Recommended Price: £110
Weight: 495g (Men’s 34″ waist)

Described by Rab as ‘mid-weight softshell’ trousers, the Rab Spire are made from a double-weave Matrix fabric – 92% polyamide and 8% elastane. There’s a very tough-feeling reinforced fabric on the knees and the inside of the lower leg, great for me as this is where I find my walking trousers usually get badly abraded. Despite feeling robust, the main fabric is also stretchy, with a very soft inner face, and the design includes a diamond gusset and articulated knees – I’ve found them very comfortable to wear. On the hill, I’ve found them warm enough on their own in most winter conditions (though there’s room for thermals under them in extreme cold), and they offer great protection from the biting winds. They have a DWR treatment to repel showers, though they perform best when it’s too cold for rain.

The Spire are supplied with a removable belt, and have two hand-pockets as well as an additional pocket on one leg, all with YKK zips. There are also ankle zips to aid getting them down over the tops of bulky boots.

Whilst they’d be too warm for the rest of the year, on the winter hills these are reassuringly sturdy, well-made and comfortable trousers that should give years of reliable use.

Fjallraven Vidda Pro Trousers

Recommended Price: £145
Weight: 535g, men’s size 48 (32″)

Whilst I’d heard good things about the Vidda Pro trousers, when I first read the spec they didn’t sound ideally suited for hillwalking. Made with very stiff feeling fabric, and with no less than six(!) pockets and even an axe loop (they don’t mean an ice-axe!), I thought they looked to be more suitable for lumberjacks or backwoodsmen rather than regular Scottish hill-goers. I’ve now worn them for several months – and although I don’t really need all those features, I’ve come to love the Viddas.

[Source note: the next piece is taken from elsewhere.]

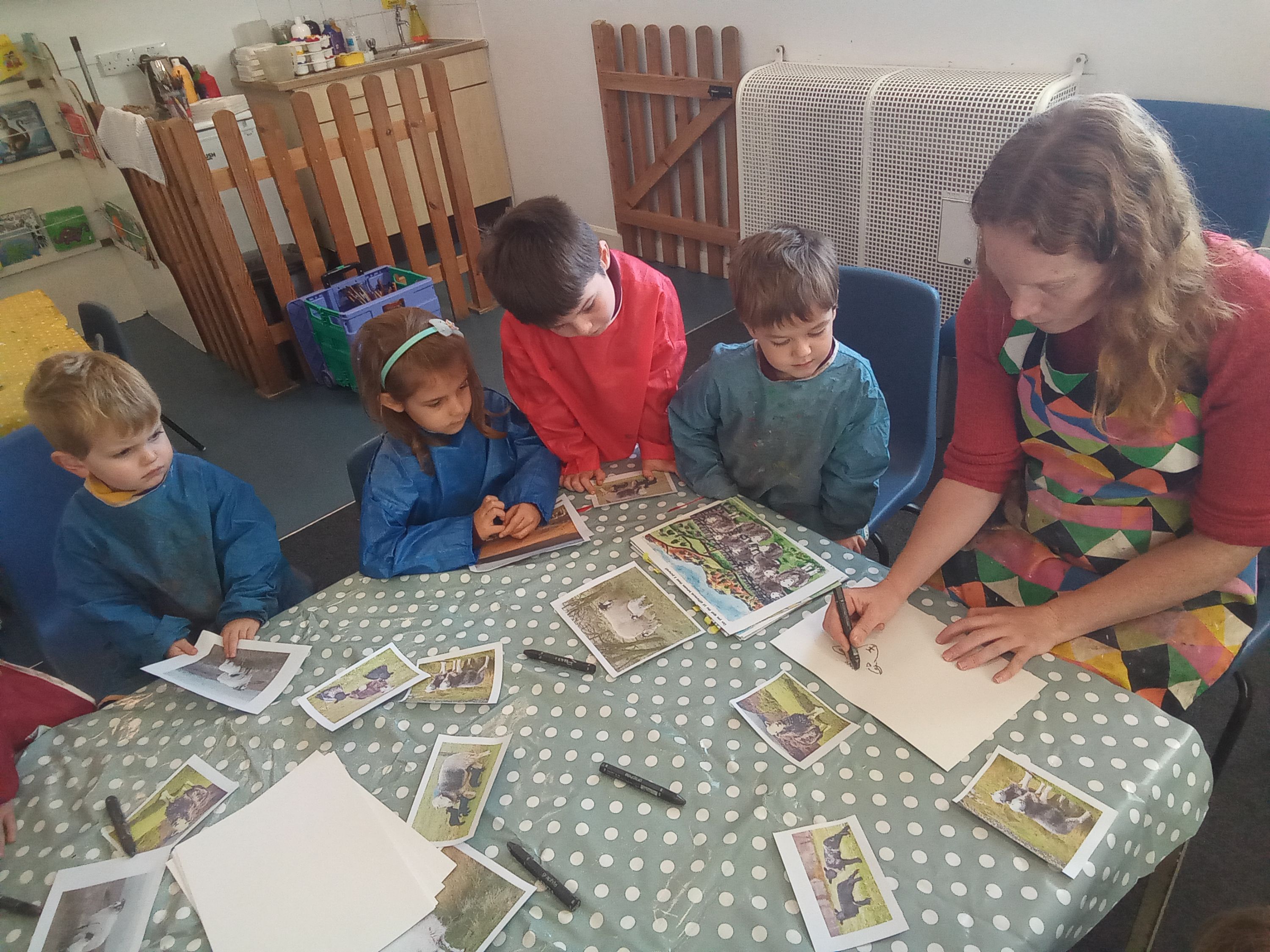 March'23 Each class visited the 'Pollinators' exhibition at The Old Courthouse. Year 6 buddies helped Catbells sketch pictures inspired by the amazing photographs.

They are made from Fjallraven’s G-1000 fabric, an extremely thick and tough mix of 65% polyester and 35% cotton. There’s double layers on the seat, and on the knees. This leads to stiff-feeling trousers to handle, but there’s a much stretchier fabric used for the diamond gusset, and together with the great cut the Vidda’s are actually extremely comfortable to wear, allowing unrestricted movement. The ankles have an internal elastic strap which can be fastened with a stud to give three different widths. There’s no belt supplied – which seems a shame at the price. They are very wind-proof, and the robustness is very comforting when you are out in fierce conditions. The thickness helps the G-1000 fabric to resist light rain well; if you want increased water resistance, it can be treated with wax. For wear in warmer conditions, there are zipped ventilation openings down the upper half of each leg.

Whilst the price and weight may both seem high, the Vidda Pro are exceptionally well-made trousers. They really are made to last; there aren’t many pairs of my trousers I’m expecting to be able to pass on an heirloom!

Patagonia Wind Shield Pants

Recommended Price: £96
Weight: 310g, men’s medium

Made of recycled polyester, the Patagonia Wind Shield are much lighter weight and simpler in design than the two pairs of trousers described above. They still have a diamond gusset, but with a super-stretchy fabric the cut is designed to be much tighter – with more of the feeling of tracksuit bottoms rather than traditional walking trousers. As the name suggests, they offer good protection against the wind, and the inside face of the panels feels furry; they are great when moving fast, but in colder Scottish conditions I’d want to wear thermals underneath. The fit is more snug than the trousers above – so bear that in mind.

The Wind Shield pants have an elasticated waist, adjustable with a draw cord, whilst the ankles are zipped and fastened with a press stud. As you’d expect from Patagonia, their ethical credentials are strong – that recycled fabric is blue-sign approved and they are fair trade-certified sewn.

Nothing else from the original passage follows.